The original mean is given by
[tex] \displaystyle M = \dfrac{1}{N} \sum_{i=0}^N x_i [/tex]
The new mean is given by
[tex] \displaystyle M' = \dfrac{1}{N} \sum_{i=0}^N (x_i+c) = \dfrac{1}{N} \left(\sum_{i=0}^N x_i+Nc\right) = \dfrac{1}{N} \sum_{i=0}^N x_i + c = M + c[/tex]
So, the new mean is shifted by the same quantity.
This is true for the median as well: suppose the median has index [tex] \bar{k} = \left \lfloor \frac{N}{2} \right \rfloor [/tex], when all elements are arranged in increasing order. If you shift all elements by the same quantity, the former median will still be the same element, so the old median was shifted by the same quantity as well.
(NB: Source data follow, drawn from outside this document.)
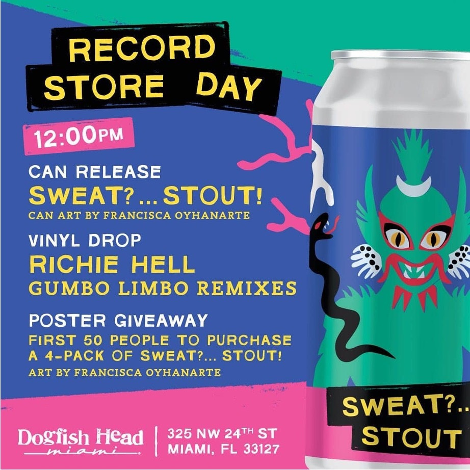 Dogfish Head Miami is partnering with beloved local record store Sweat Records to bring together music, art and beer (of course) for Record Store Day on Saturday, April 23. Festivities will kick off at noon with the launch of a new, Sweat Records-inspired beer, Sweat?...Stout! and the vinyl release of Richie Hell's Gumbo Limbo Remixes.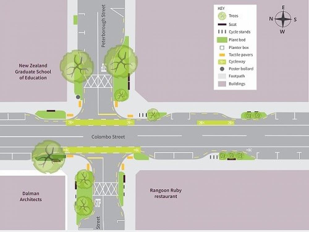 The project, which went out for public consultation last year, will involve adding painted cycle lanes on Colombo Street between the Town Hall and Bealey Avenue, and lowering the speed limit to 30km/h to make it safer for everyone. The central city stretch of Colombo Street, south of Kilmore Street, already has a 30km/h speed limit.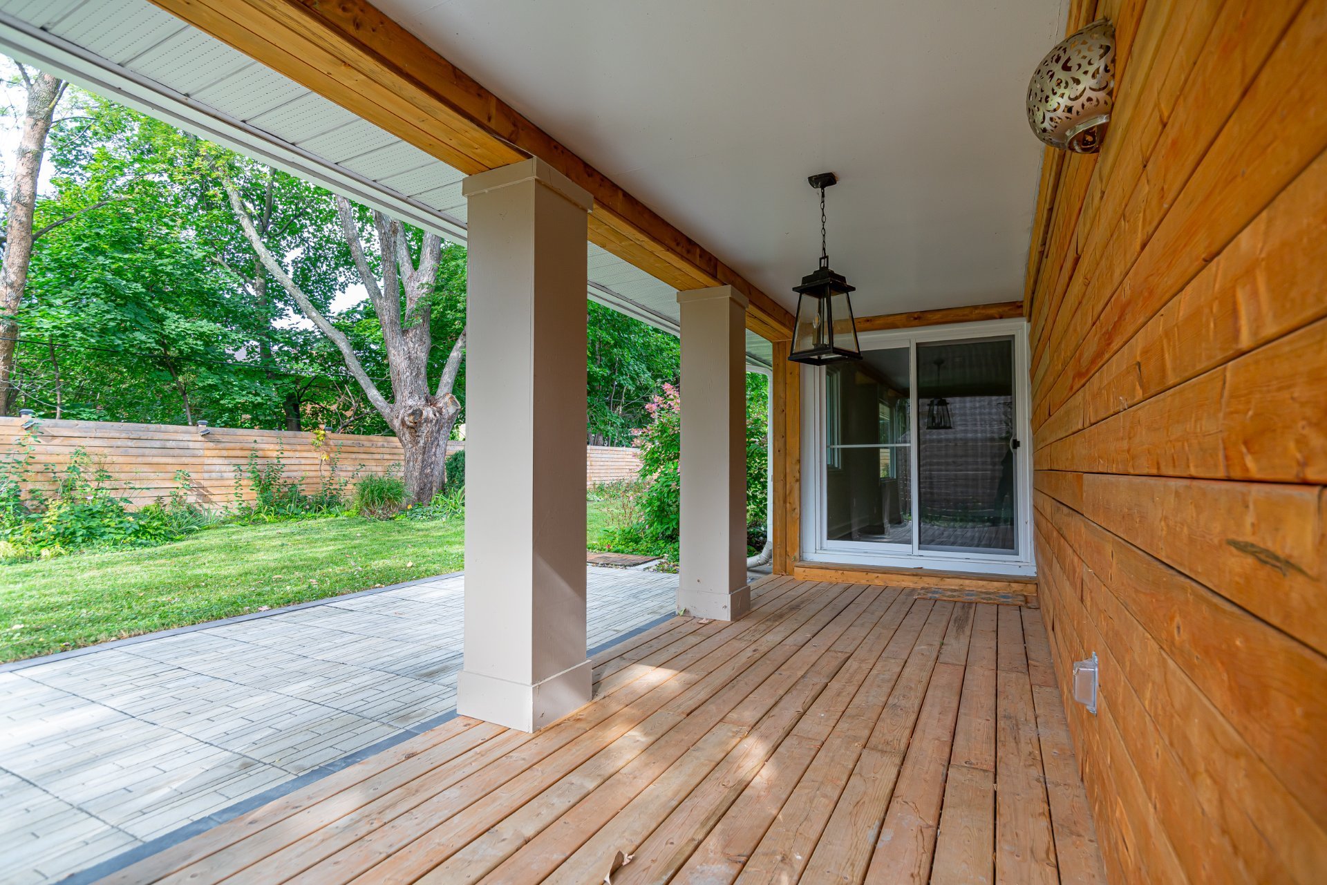 À l’extérieur, profitez d’une terrasse couverte intime et d’un patio, parfaits pour les repas en plein air et les moments de détente.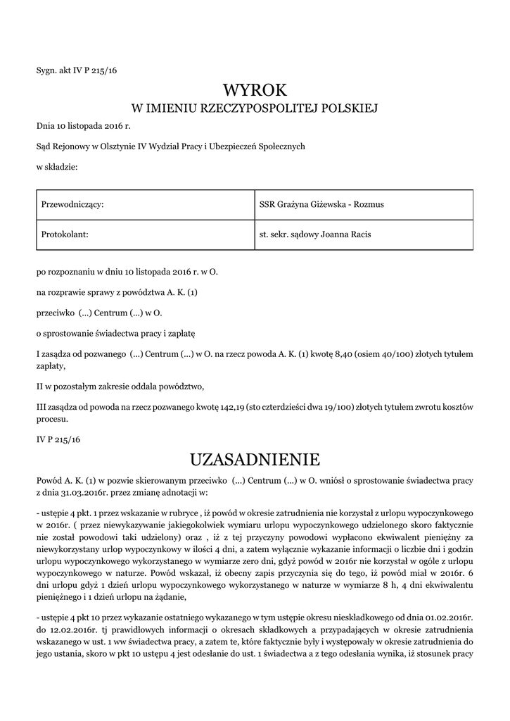 Sygn. akt IV P 215/16 WYROK W IMIENIU RZECZYPOSPOLITEJ POLSKIEJ Dnia 10 listopada 2016 r. Sąd Rejonowy w Olsztynie IV Wydział Pracy i Ubezpieczeń Społecznych w składzie: Przewodniczący: SSR Grażyna Giżewska - Rozmus Protokolant: st. sekr. sądowy Joanna Racis po rozpoznaniu w dniu 10 listopada 2016 r. w O. na rozprawie sprawy z powództwa A. K. (1) przeciwko (...) Centrum (...) w O. o sprostowanie świadectwa pracy i zapłatę I zasądza od pozwanego (...) Centrum (...) w O. na rzecz powoda A. K. (1) kwotę 8,40 (osiem 40/100) złotych tytułem zapłaty, II w pozostałym zakresie oddala powództwo, III zasądza od powoda na rzecz pozwanego kwotę 142,19 (sto czterdzieści dwa 19/100) złotych tytułem zwrotu kosztów procesu. IV P 215/16 UZASADNIENIE Powód A. K. (1) w pozwie skierowanym przeciwko (...) Centrum (...) w O. wniósł o sprostowanie świadectwa pracy z dnia 31.03.2016r. przez zmianę adnotacji w: - ustępie 4 pkt. 1 przez wskazanie w rubryce , iż powód w okresie zatrudnienia nie korzystał z urlopu wypoczynkowego w 2016r. ( przez niewykazywanie jakiegokolwiek wymiaru urlopu wypoczynkowego udzielonego skoro faktycznie nie został powodowi taki udzielony) oraz , iż z tej przyczyny powodowi wypłacono ekwiwalent pieniężny za niewykorzystany urlop wypoczynkowy w ilości 4 dni, a zatem wyłącznie wykazanie informacji o liczbie dni i godzin urlopu wypoczynkowego wykorzystanego w wymiarze zero dni, gdyż powód w 2016r nie korzystał w ogóle z urlopu wypoczynkowego w naturze. Powód wskazał, iż obecny zapis przyczynia się do tego, iż powód miał w 2016r. 6 dni urlopu gdyż 1 dzień urlopu wypoczynkowego wykorzystanego w naturze w wymiarze 8 h, 4 dni ekwiwalentu pieniężnego i 1 dzień urlopu na żądanie, - ustępie 4 pkt 10 przez wykazanie ostatniego wykazanego w tym ustępie okresu nieskładkowego od dnia 01.02.2016r. do 12.02.2016r. tj prawidłowych informacji o okresach składkowych a przypadających w okresie zatrudnienia wskazanego w ust. 1 ww świadectwa pracy, a zatem te, które faktycznie były i występowały w okresie zatrudnienia do jego ustania, skoro w pkt 10 ustępu 4 jest odesłanie do ust. 1 świadectwa a z tego odesłania wynika, iż stosunek pracy powoda ustał z dniem 12.02.2016r. a nie w dniu 14.02.2016r. jest wadliwie wykazuje się w rubryce ustępu 4 pkt 10, wskazuje, iż i ostatni okres nieskładkowy zakończył się z dniem 14.02.2016r. Powód wniósł także o zasądzenie kosztów postępowania sądowego według norm przepisanych i dodatkowo z przedłożonego w trakcie rozprawy spisu poniesionych w sprawie sprostowania od dnia 23.02.2016r. świadectwa pracy kosztów odwołań od świadectwa pracy. Na rozprawie w dniu 10.11.2016r. powód złożył spis kosztów postępowania i dochodzonego roszczenia o zapłatę. W uzasadnieniu powód wskazał, iż domagał się od pozwanego trzykrotnie sprostowania świadectwa pracy . W zakresie sprostowania ustępu 4 pkt 1 powód prezentował stanowisko, iż urlop na żądanie nie jest urlopem wypoczynkowym co w jego ocenie uzasadnia żądanie sprostowania świadectwa. W zakresie ust. 4 pkt 10 powód podniósł, iż w punkcie tym pracodawca winien wykazać jedynie faktyczny okres nieskładkowy w przedziale okresu zatrudnienia pracownika. W odpowiedzi na pozew (...) Centrum (...) w O. wniosło o oddalenie powództwa. Wskazano, iż odnośnie ust.4 pkt 1 pracodawca wskazuje wyłącznie liczbę dni i godzin urlopu wypoczynkowego przysługującego pracownikowi w roku kalendarzowym, w którym ustał stosunek pracy wykorzystany w naturze lub za który przysługuje ekwiwalent pieniężny; odrębnie wskazuje się liczbę dni i godzin urlopu wypoczynkowego wykorzystanego przez pracownika na podstawie art. 167 (2) kp. Stosunek pracy powoda ustał 12.02.2016r. i należny był mu urlop w ilości 5 dni . Powód wykorzystał 1 dzień więc do rozliczenia w ekwiwalencie pozostały 4 dni. Pozwany wskazał na charakter urlopu na żądanie jako urlopu wypoczynkowego . Podniesiono, iż powód bezpodstawnie wywodzi, że urlop na żądanie jest dodatkowym urlopem nie wchodzącym do wymiaru 26 dni urlopu wypoczynkowego. W zakresie ust. 4 pkt 10 wskazano, że jest to omyłka pisarska albowiem zapis ten jest skorelowany z zapisem w ust. 4 pkt 4 świadectwa pracy, w którym pracodawca wykazuje prawidłową liczbę dni , za które pracownik otrzymał wynagrodzenie chorobowe . Pozwany w ust. 4 pkt.4 wykazał 12 dni niezdolności do pracy powoda. Sąd ustalił następujący stan faktyczny: Powód A. K. (1) zatrudniony był w pozwanym (...) Centrum (...) w O. w okresie od 01.03.2012r. do 12.02.2016r. na stanowisku młodszego wychowawcy. W dniu 12.02.2016r. doszło do zakończenia między stronami stosunku pracy. ( bezsporne, potwierdzone dokumentami z akt osobowych) W związku z rozwiązaniem umowy o pracę pracodawca wystawił powodowi świadectwo pracy z dnia 17.02.2016r., w którym wskazano, iż w okresie zatrudnienia pracownik wykorzystał urlop wypoczynkowy w wymiarze 8 godzin- 1 dzień urlopu na żądanie. Nie wskazano okresów nieskładkowych , przypadających w okresie zatrudnienia wskazanym w ust.1, uwzględniane przy ustalaniu prawa do emerytury lub renty. Pismem z dnia 23.02.2016r. ( 25.02.2016r. data wpływu do pracodawcy) powód wniósł o sprostowanie świadectwa w zakresie : - ustępu 3a-przez wykazanie prawdziwej i obowiązującej prawnie podstawy i trybu zwolnienia zgodnie z zaleceniami Kodeksu pracy i rozporządzenia Ministra Pracy i Polityki Socjalnej w sprawie szczegółowej treści świadectwa pracy (…) - ustępu 4 pkt 1- przez wyłączne wykazanie prawidłowych informacji o liczbie dni i godzin urlopu wypoczynkowego w wymiarze 4 dni przysługującego mu proporcjonalnie w roku kalendarzowym, w którym ustał stosunek pracy, - ustępu 4 pkt 4 – przez wykazanie w tej podstawie prawidłowej informacji o okresach niezdolności do pracy a wynikających z Kodeksu pracy oraz rozporządzenia wykonawczego, - ustęp
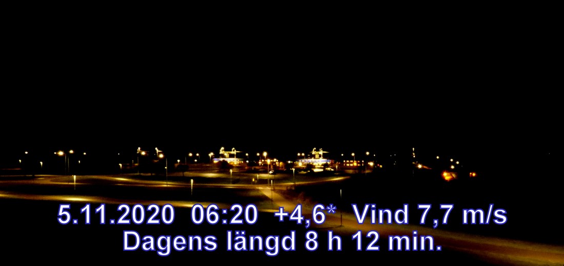 +5 °C Vind 7,7 m/s Soluppgång 07:27 Solnedgång 15:39 Dagens längd 8 h 12 min.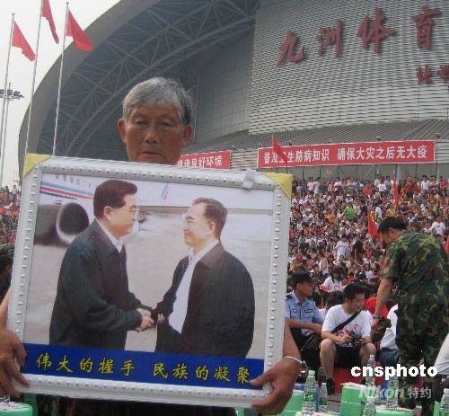 綿陽(yáng)一受災(zāi)老嫗手捧胡溫合影觀看慰問(wèn)演出

Example: Consider the dataset
[tex] 4, 5, 7, 8, 11 [/tex]
The mean is
[tex] \dfrac{4 + 5 + 7 + 8 + 11}{5} = \dfrac{35}{5} = 7 [/tex]
The median is the third element, so it's 7 as well.
Now, let's add 10 to every element: the dataset is
[tex] 14, 15, 17, 18, 21 [/tex]
The mean is
[tex] \dfrac{14 + 15 + 17 + 18 + 21}{5} = \dfrac{85}{5} = 17 [/tex]
The median is the third element, so it's 17 as well.
So, the new mean and median are also ten more than the old mean and median.